> [How to complete this task]: Repeat the data that follows in full. Do not include the pictures.

(Task data Opens)

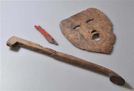 【木製仮面】長さ26cm、幅21.6cm、厚さ0.6cm。アカガシ亜属の柾目材で作られた鍬の身を転用したもので、鍬身の刃縁側を頭、基部側を顎としています。
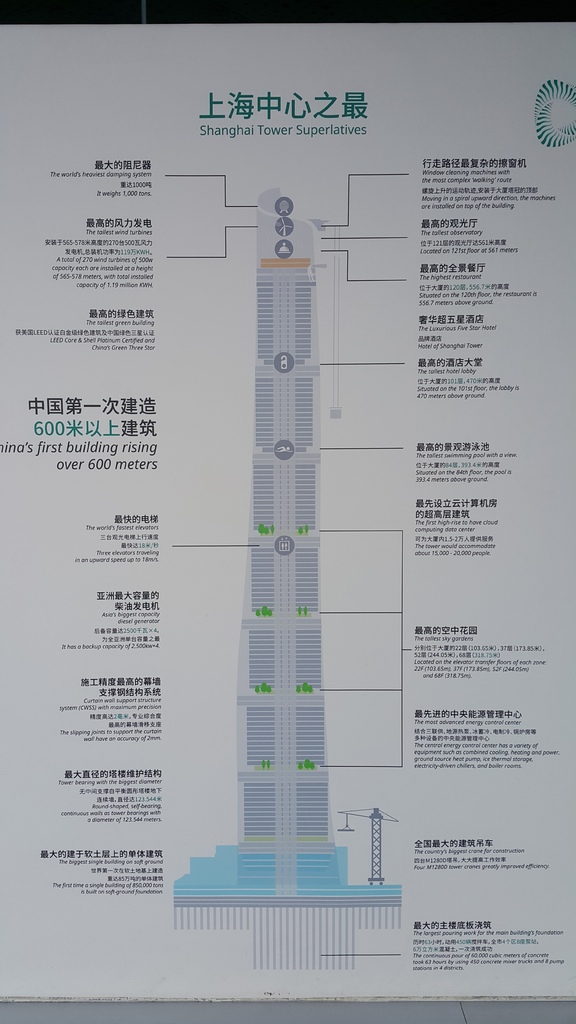 其高度超過附近的上海環球金融中心,當前為世界第三高樓、中國第一高樓、世界最高綠色建築(LEED CS)及擁有全球最高室內觀景台
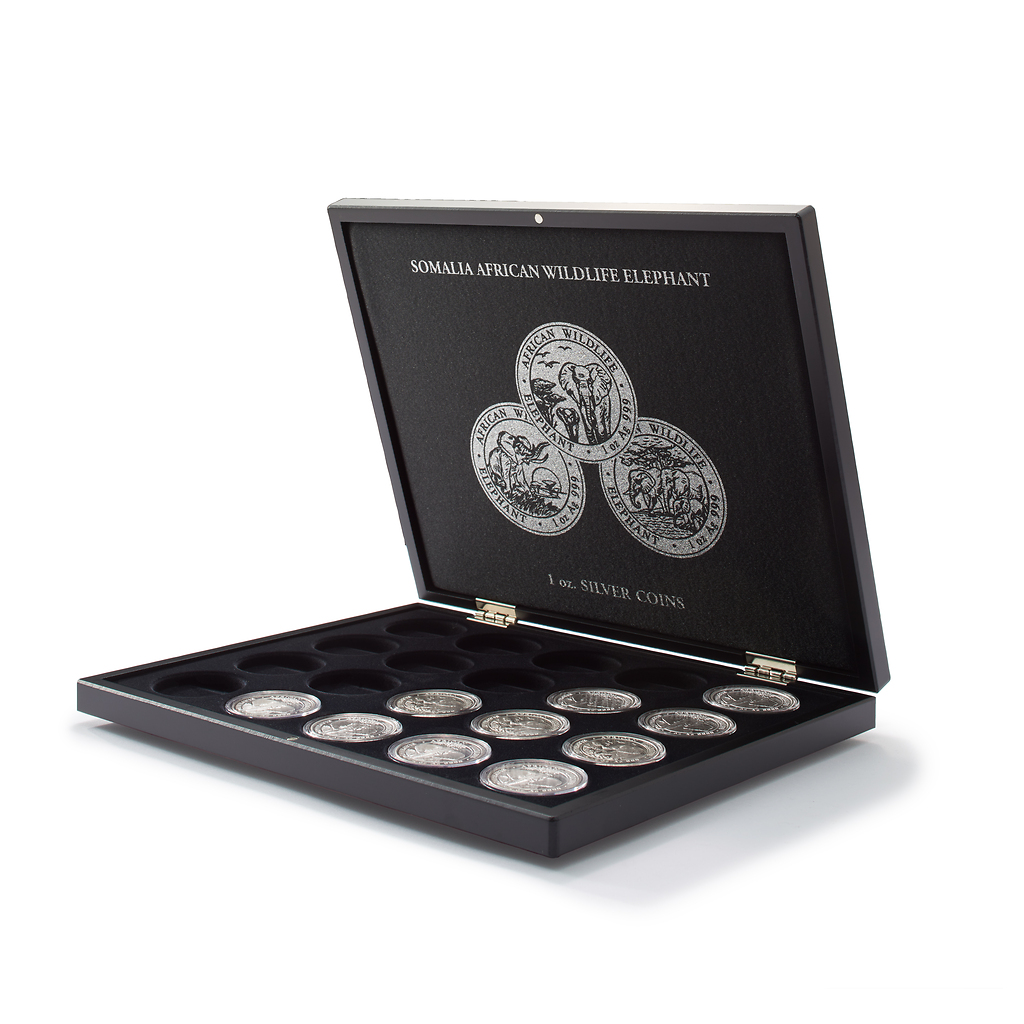 Volterra Uno - Münzkassette für 20 Silbermünzen „Somalia Elephant“ in Kapseln
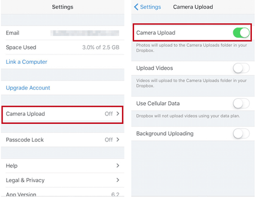 - 選擇並打開相機上傳。然後,所有照片都會自動上傳到 Dropbox 中的“相機上傳”文件夾。 (如何將 iPhone 備份到 Dropbox?)
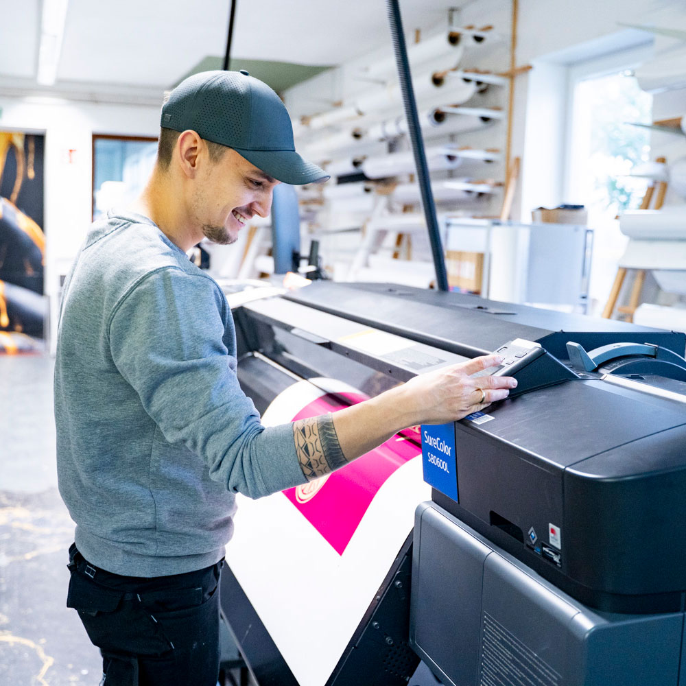 Großflächige Drucke für Fassaden, Bauzäune, Messen, POS oder Innenräume. Passende Materialien und Konfektion sorgen dafür, dass Formate direkt einsatzbereit geliefert werden.
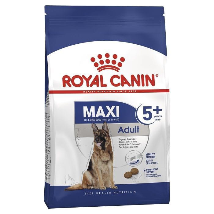 Para perros mayores de 5 años, ROYAL CANIN® Maxi Adult 5+ es una fórmula nutricionalmente completa y equilibrada, especialmente diseñada para satisfacer las necesidades particulares de tu perro grande y darle apoyo durante los últimos años de su edad adulta.
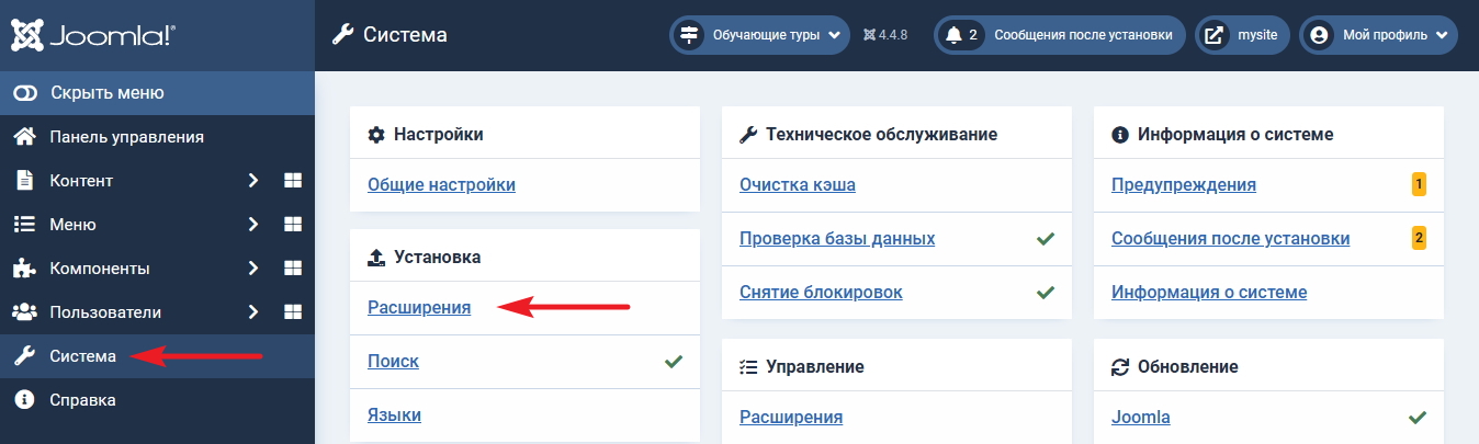Скачайте установочный архив с плагином PayKeeper на нашем сайте. Перейдите в административную панель CMS Joomla и в главном меню выберите раздел «Система». Далее на открывшейся странице в блоке «Установка» выберите «Расширения» (рисунок 1.1).
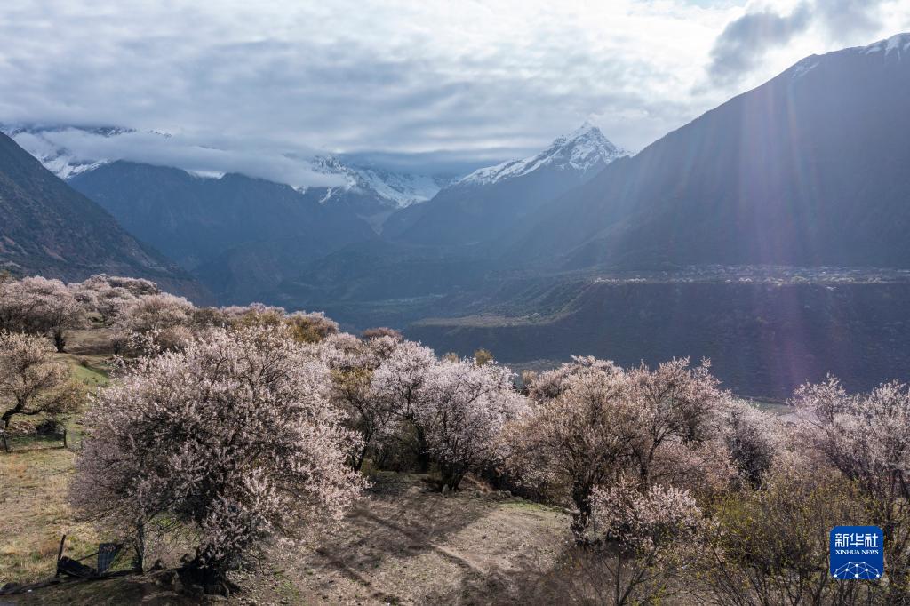 桃花掩映下的南迦巴瓦峰(4月13日攝)。新華社記者 晉美多吉 攝
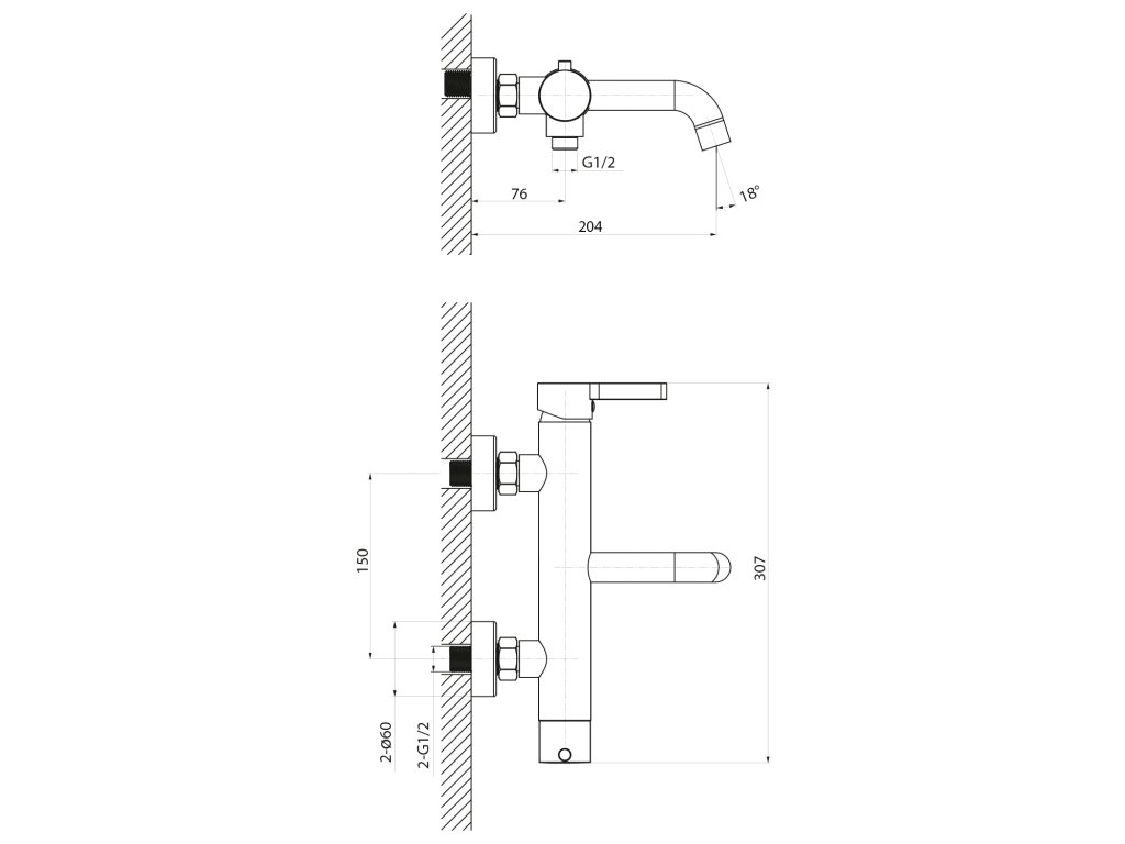 Sapho ICONIC nástenná vaňová batéria, chróm AF010
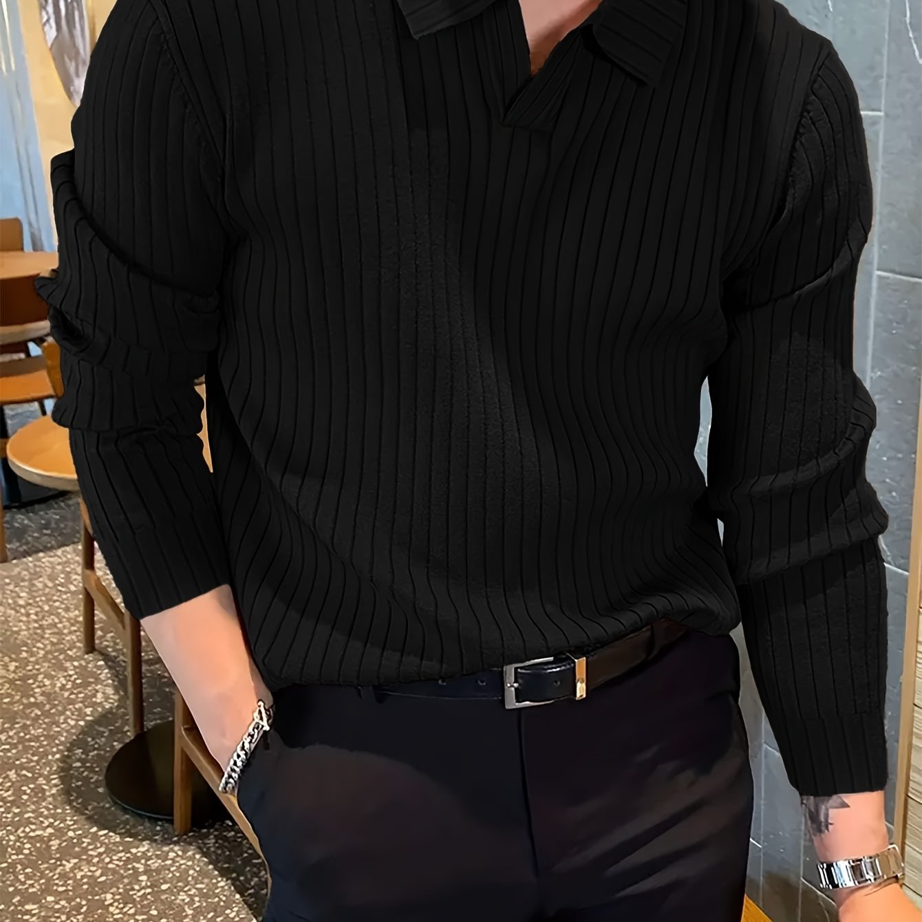 TEMU 남성용 겨울 신상 따뜻한 니트 셔츠 긴팔 상의, 리브드 니트 소재, 클래식 V넥 디자인, 다양한 컬러, 솔리드 컬러 심플 스타일, 부드럽고 피부 친화적인 소재, 데일리 커뮤트, 주말 데이트 및 다양한 행사에 적합

(Task data Closes)

> [Response to this exercise]:
 【木製仮面】長さ26cm、幅21.6cm、厚さ0.6cm。アカガシ亜属の柾目材で作られた鍬の身を転用したもので、鍬身の刃縁側を頭、基部側を顎としています。
 其高度超過附近的上海環球金融中心,當前為世界第三高樓、中國第一高樓、世界最高綠色建築(LEED CS)及擁有全球最高室內觀景台
 Volterra Uno - Münzkassette für 20 Silbermünzen „Somalia Elephant“ in Kapseln
 - 選擇並打開相機上傳。然後,所有照片都會自動上傳到 Dropbox 中的“相機上傳”文件夾。 (如何將 iPhone 備份到 Dropbox?)
 Großflächige Drucke für Fassaden, Bauzäune, Messen, POS oder Innenräume. Passende Materialien und Konfektion sorgen dafür, dass Formate direkt einsatzbereit geliefert werden.
 Para perros mayores de 5 años, ROYAL CANIN® Maxi Adult 5+ es una fórmula nutricionalmente completa y equilibrada, especialmente diseñada para satisfacer las necesidades particulares de tu perro grande y darle apoyo durante los últimos años de su edad adulta.
Скачайте установочный архив с плагином PayKeeper на нашем сайте. Перейдите в административную панель CMS Joomla и в главном меню выберите раздел «Система». Далее на открывшейся странице в блоке «Установка» выберите «Расширения» (рисунок 1.1).
 桃花掩映下的南迦巴瓦峰(4月13日攝)。新華社記者 晉美多吉 攝
 Sapho ICONIC nástenná vaňová batéria, chróm AF010
 TEMU 남성용 겨울 신상 따뜻한 니트 셔츠 긴팔 상의, 리브드 니트 소재, 클래식 V넥 디자인, 다양한 컬러, 솔리드 컬러 심플 스타일, 부드럽고 피부 친화적인 소재, 데일리 커뮤트, 주말 데이트 및 다양한 행사에 적합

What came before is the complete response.